# Cozette won't sit still for topknot!



## socalyte (Nov 15, 2010)

Hi, all, 

I've been trying and trying to get a topknot in my girl's hair. She came with one and in the pictures I saw of her prior to me getting her, she had one then too. I had to take the one she came in out as it was starting to mat, but whenever I try to put it back in, she wiggles and squirms to the point that I can't put one in. If I do manage to get one in (usually loosely because she wiggles too much for me to get the band around it tight enough) she paws at it until it pulls out of her hair. Anyone have suggestions for me? Are there some bands that stay better than others? 
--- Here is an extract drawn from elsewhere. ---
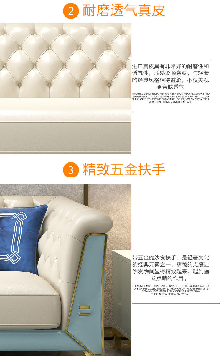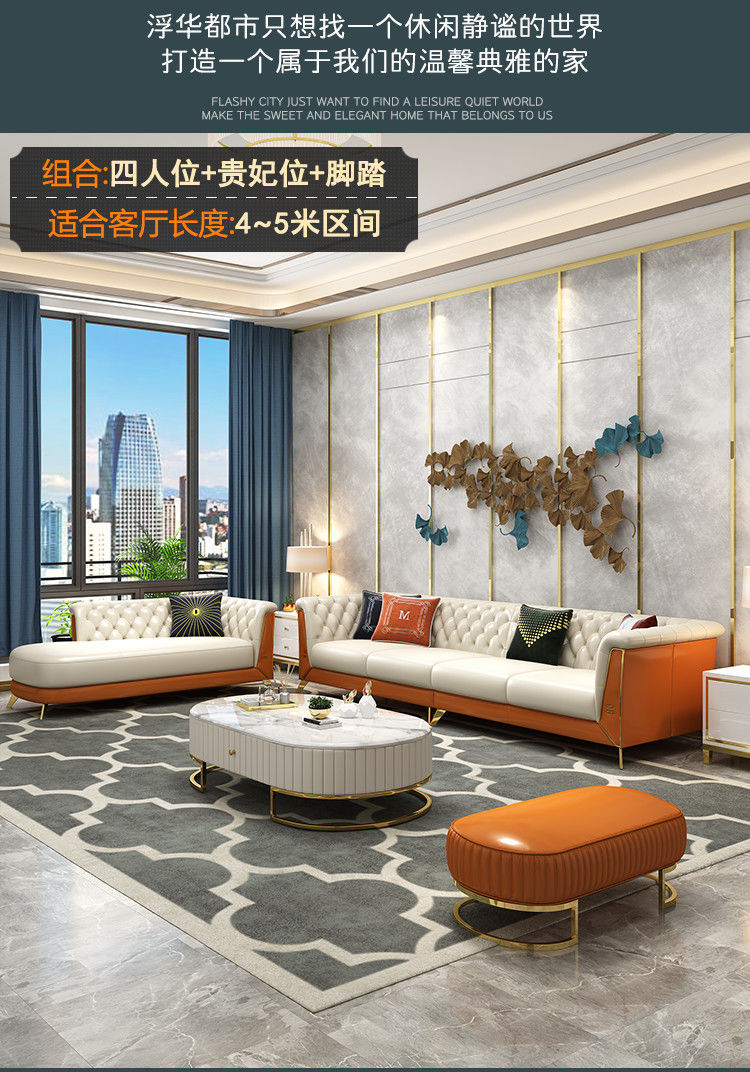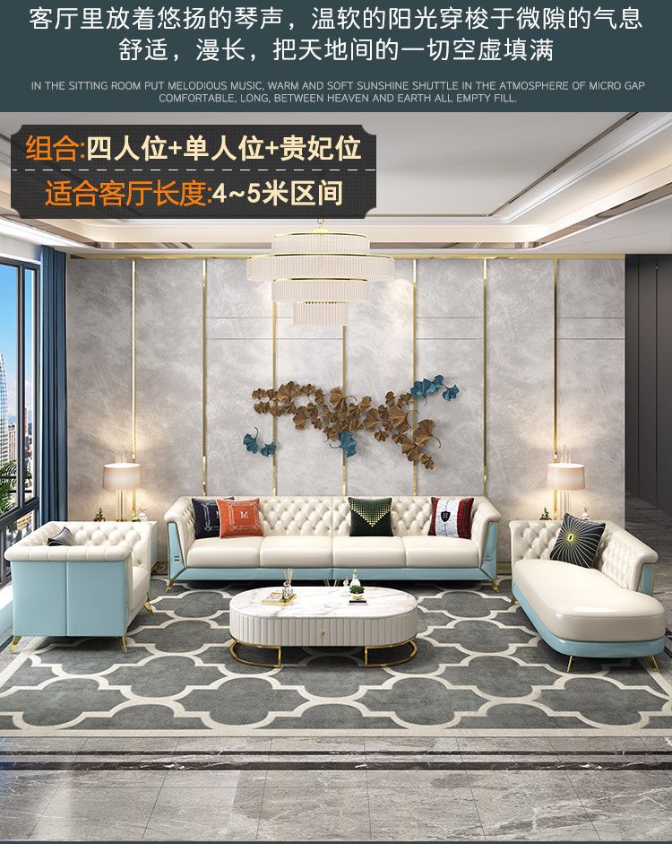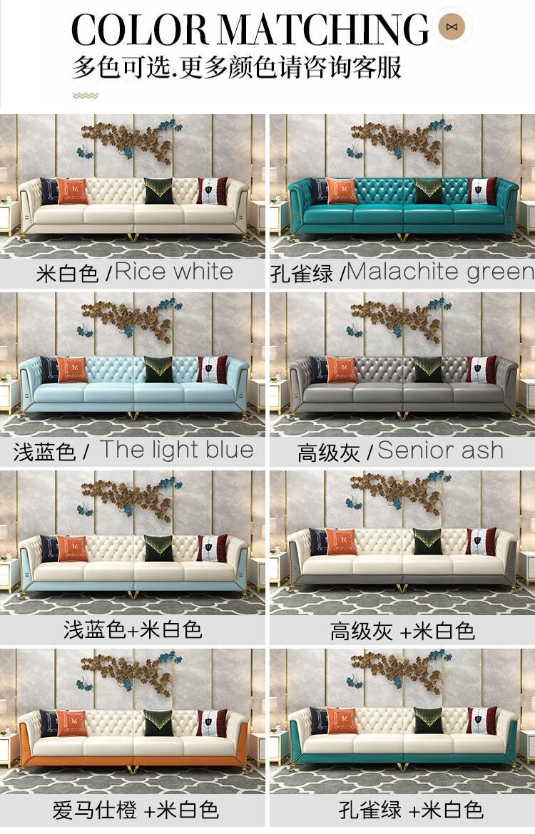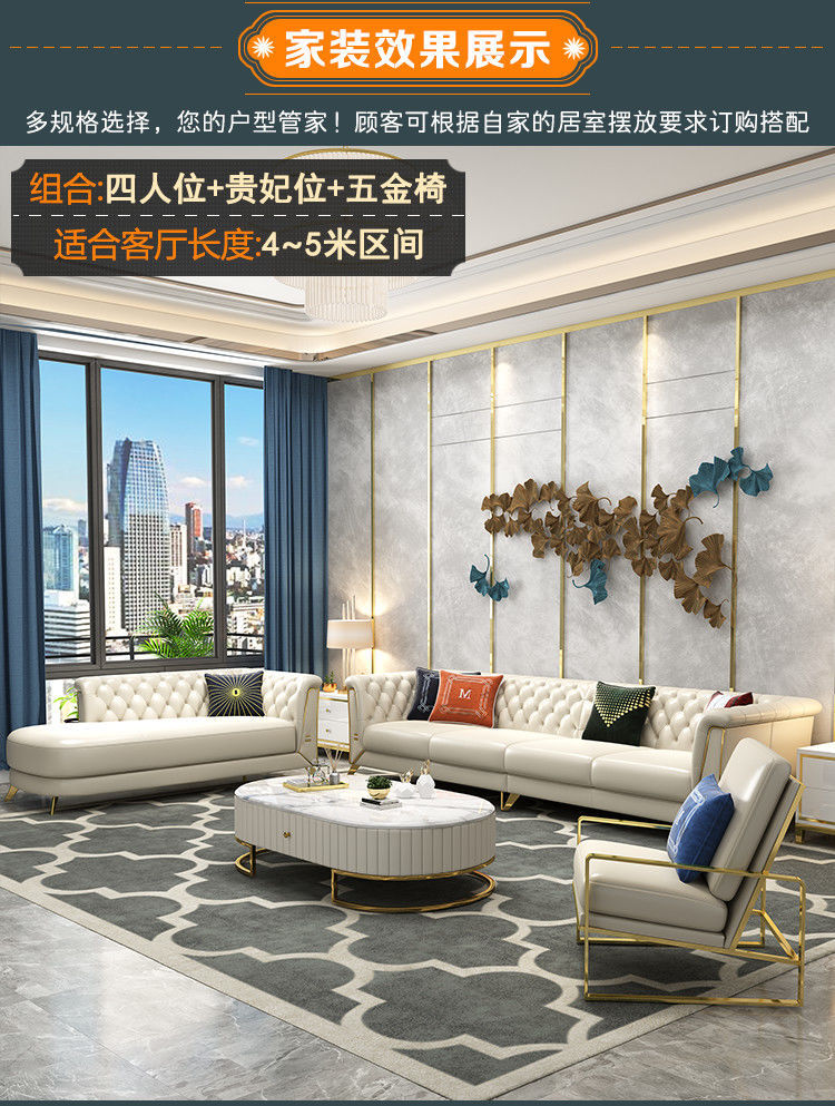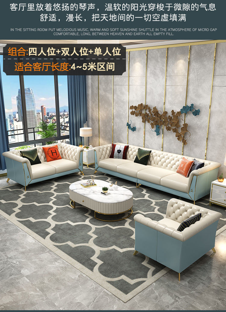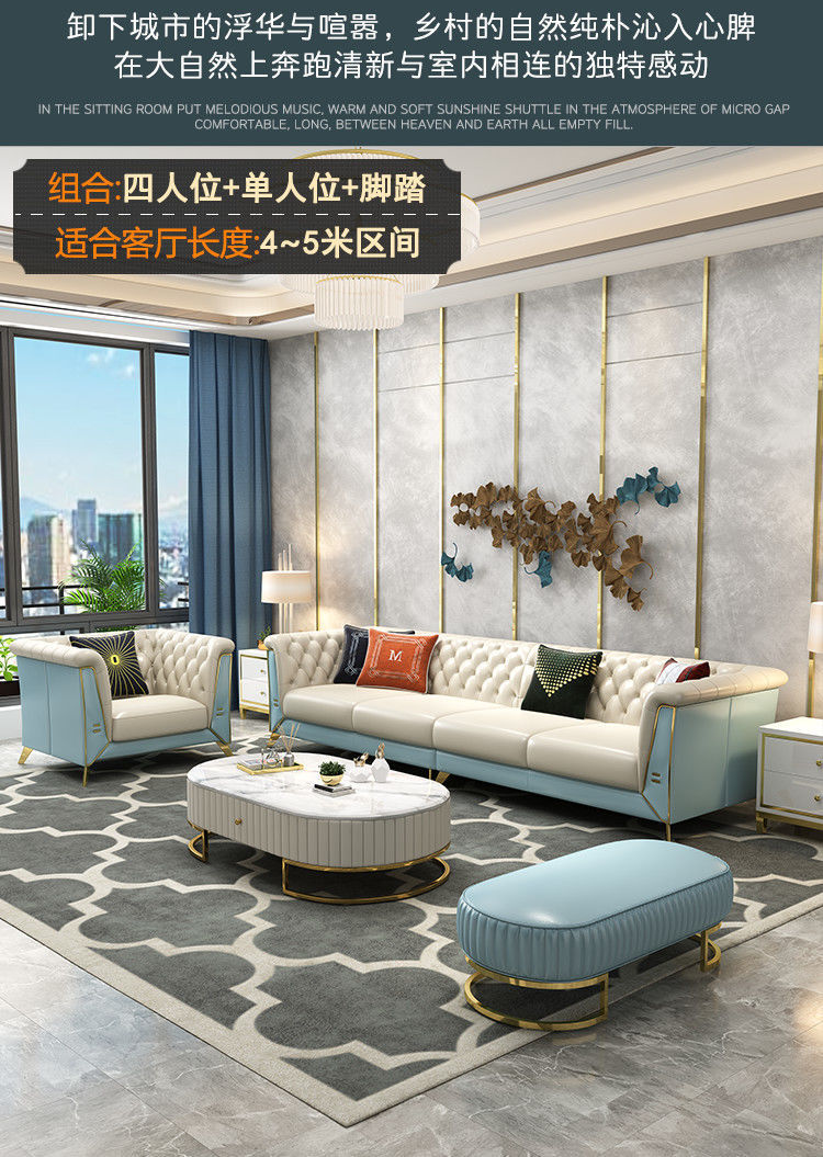 Ghế sofa sang trọng nhẹ kiểu Mỹ da bò lớp trên kích thước căn hộ 123 kết hợp ghế thẳng 4 chỗ hậu hiện đại

Cozette is six months old, and supposed to be used to being groomed-- her breeder said she didn't have a problem. Any help is appreciated! Oh and by the way, I haven't yet found any treats she likes, so I haven't been able to reward her when she sits still for half a second!

Thanks!


----------



## CrystalAndZoe (Jul 11, 2006)

Well she is still a puppy so part of that is just her being a puppy I'm sure. And if you're like me, I'm not nearly as fast or competent as the show breeders are. Something I found that helped me with Callie was to roll up a small towel. I'm thinking her breeder must have had her lay her head on one of those pillows because even though she really didn't want to, she did lay down and rest her chin on the rolled up towel. But I do have to be fast about it or that head gets squirmy even on the pillow. lol Something else I just stumbled on by accident last night, was I don't do a 3rd loop with the grooming band. Callie's hair is thick enough and I must have small enough bands, that only doing 2 not only make it so she isn't rubbing her face and head on things, her top knot stays up and even goes back a bit. Before it had a tendency to come forward.
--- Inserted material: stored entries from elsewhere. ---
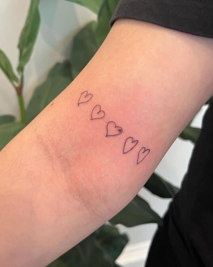 Collect tiny hearts that your family members drew, then ask an artist to fuse them into a single tattoo. That one is full of personality — wobbly lines, different pressures, real handwriting — and it’s the kind of thing you’ll treasure because it’s literally made by them.
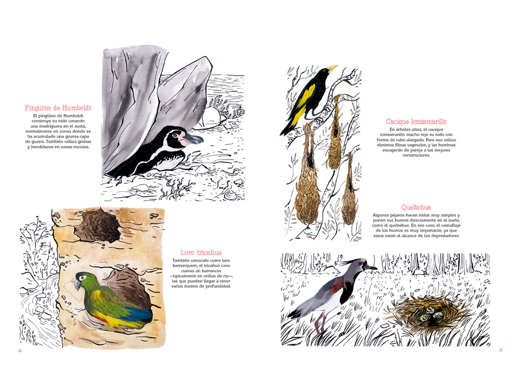 Los pájaros nos acompañan en los lugares más asombrosos del continente americano: en la profundidad de los bosques, en el hielo y frío de la Antártica, en lo más alto de una montaña y también a pasos nuestros en la plaza del barrio. Vuelo de pájaros americanos es una invitación a convertirnos en naturalistas y adentrarnos en el mundo secreto de las aves: sus plumas, el vuelo, sus antepasados, sus diferentes picos, garras y nidos. Todo esto mientras nos maravillamos con su belleza y nos vamos transformando en protectores de toda la naturaleza que nos rodea.
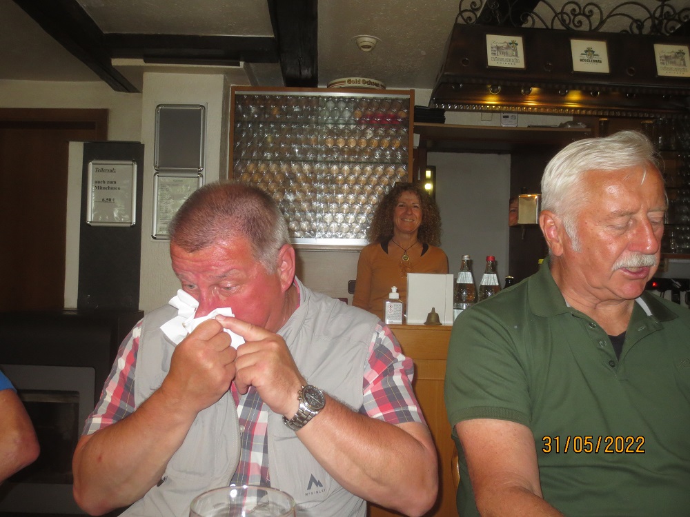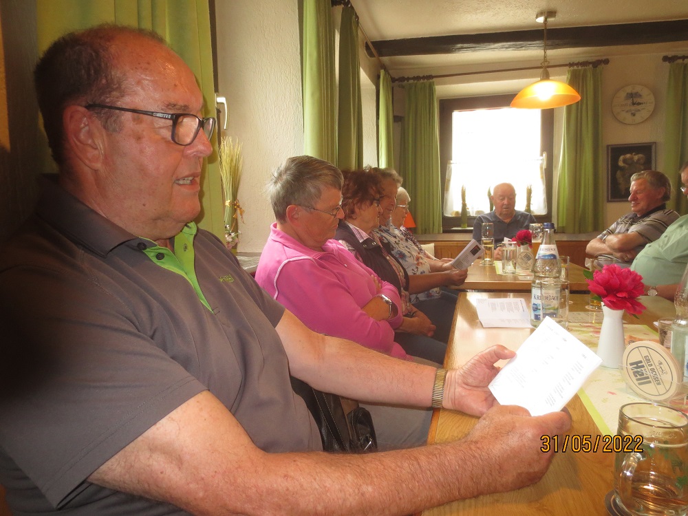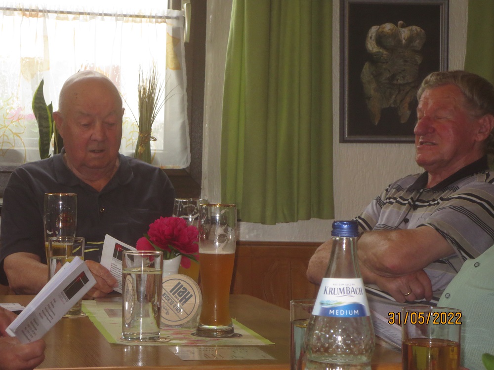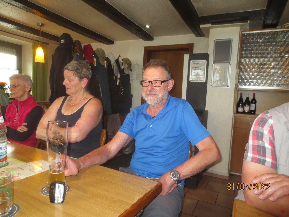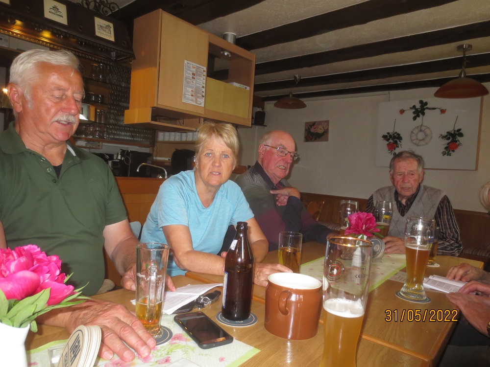 Wanderung mit 9 Frauen und 13 Männer nach Schelklingen zur Einkehr bei Helmut Hinding im Gasthaus Traube. Super Wanderwetter, fast schon zu warm war die Wanderstrecke nach Schelklingen. Von Allmendingen wanderten 9 Personen und das in 3 Gruppen, dafür ohne Pause in genau 5/4 Stunde. Insgesamt waren es 5 Gruppen, je nach Kraft die länge der Wanderstrecke. Vesper und Einkehr mit super Gesang war bei Helmut spitze.
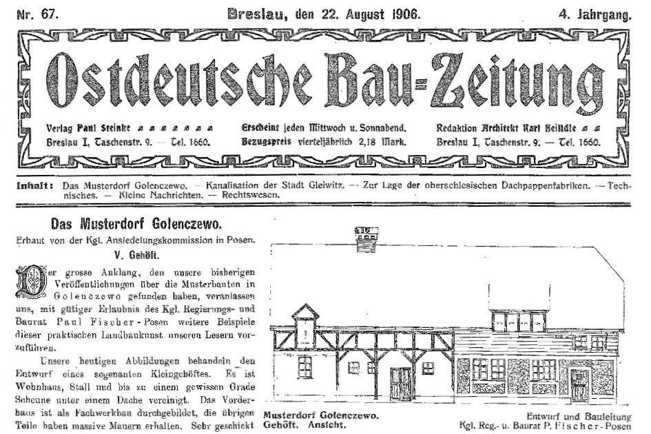 Niemiecka wieś wzorcowa Golęczewo była w okresie budowy tematem wielu wzmianek w prasie – zwłaszcza w tych mediach, które były poświęcone architekturze, urbanistyce i kształtowaniu krajobrazu. Jednym z nich, które poświęciły uwagę naszej wsi, była wrocławska Ostdeutsche Bau-Zeitung (Wschodnioniemiecka Gazeta Budowlana). Tytuł wydawany był aż dwa razy w tygodniu (w środy i niedziele), co możeCzytaj dalej „1906: Dworcowa 53 w Ostdeutsche Bau-Zeitung”
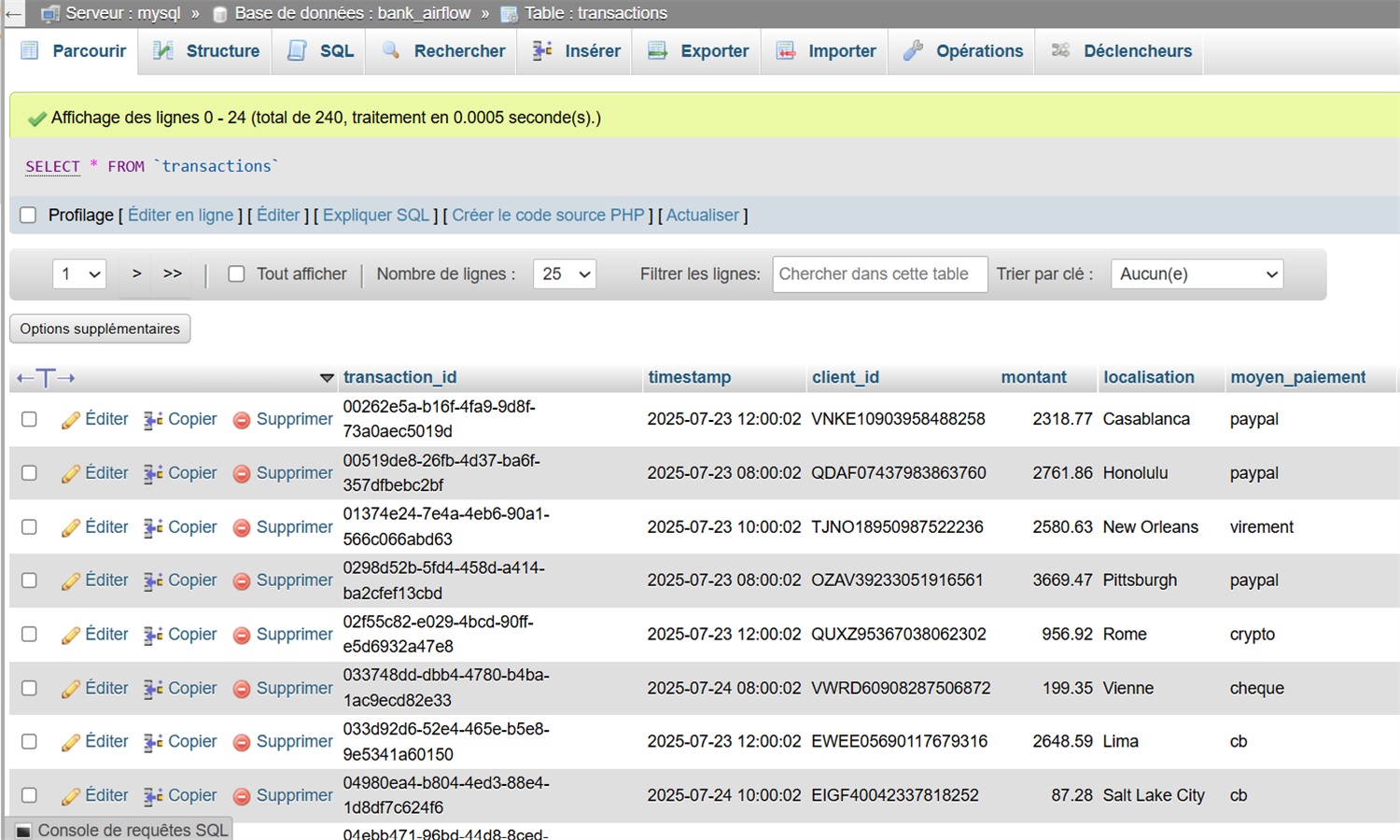 phpMyAdmin permet de visualiser les données, et un dashboard Streamlit est prévu.

I use ortho bands and think those work really well.


----------



## socalyte (Nov 15, 2010)

Thank you for the reassurance and help! I never thought about a rolled up towel-- makes perfect sense! I haven't been sure what bands to use either, so your recommendation is very helpful. Hopefully I can find those. I have a large order of bows coming from a gal on Etsy recommended here on SM, and I definitely want her to wear them! I didn't know that the bow she came with should have slid off and could have been reused; I just clipped the rubber band off (oops!). 

If anyone has any hints for tasty treats for finicky dogs, I'd love to hear them. I have been keeping her on all natural and organic products thus far (even though she came to me on Purina Puppy Chow).


----------



## ched999uk (Dec 2, 2010)

I take it you have tried chicken as a treat? Works great here


----------



## KAG (Jun 1, 2006)

Try grooming her when she's exhausted! LOL
Beautiful baby girl.
xoxoxoxooxoxox


----------



## The A Team (Dec 1, 2005)

My advice is to NEVER give up. Do it every day....it could take a year....but she'll learn....my Abbey took forever, but she's fine now. Just make it quick and not too dramatic. Took me a while to "get it" too. I'm left handed and many of her top knot headed south into her face :w00t::blink:....just keep doing it....you'll both get used to it....just don't give up. :thumbsup:


----------